The Federal Reserve is likely to cut interest rates twice this year but it is still uncertain whether the first rate cut will come at the central bank's September meeting, former director of the Fed Board's division of monetary affairs William English told MNI.

"My outlook is similar to that in the SEP that the committee published at the last meeting in June. I don't think the data since then has been particularly surprising," he said. The Fed's June Summary of Economic Projections showed the median official expects two 25 basis point rate cuts by the end of the year. 

"The uncertainty is really high and so I think they want to wait and be sure that they're getting more or less the effects that they think they're going to get from the tariffs and see a little bit more what happens to inflation expectations, that they remain pretty well behaved, before they get on with cutting rates.," he said. 

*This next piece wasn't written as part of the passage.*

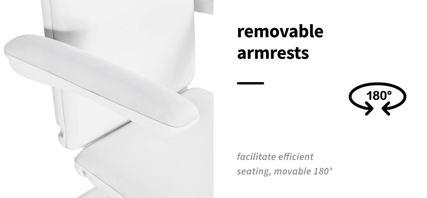 The headrest, which can be extended by 20 cm, allows the chair to be adjusted to the user’s height, providing stable support for the head during treatments. The movable armrests, which can be rotated through 180°, make it easy to sit down and provide comfortable access for the practitioner. They can also be easily removed when needed. These features enhance user comfort and support ergonomic work organisation.

English expects the Fed next week to suggest that it could cut rates in September if data continues to be in line with its expectations, but that the FOMC’s June guidance is "vague enough" to give them a lot of room for maneuver.

"I could imagine a kind of trade off, where the statement would be a bit more dovish, but no rate cut, and that might keep one or both of the governors who've indicated an inclination to cut this month on board to wait until September,” he said.

NEW RULES?

President Donald Trump has made it almost a daily routine to attack Fed Chair Jerome Powell over the central bank's stance of holding rates due to tariff-related inflation risks. Even if Trump were to install a politically partisan chair, it is far from certain that the rest of the committee would support a dramatic shift in policy, said English, now at the Yale School of Management.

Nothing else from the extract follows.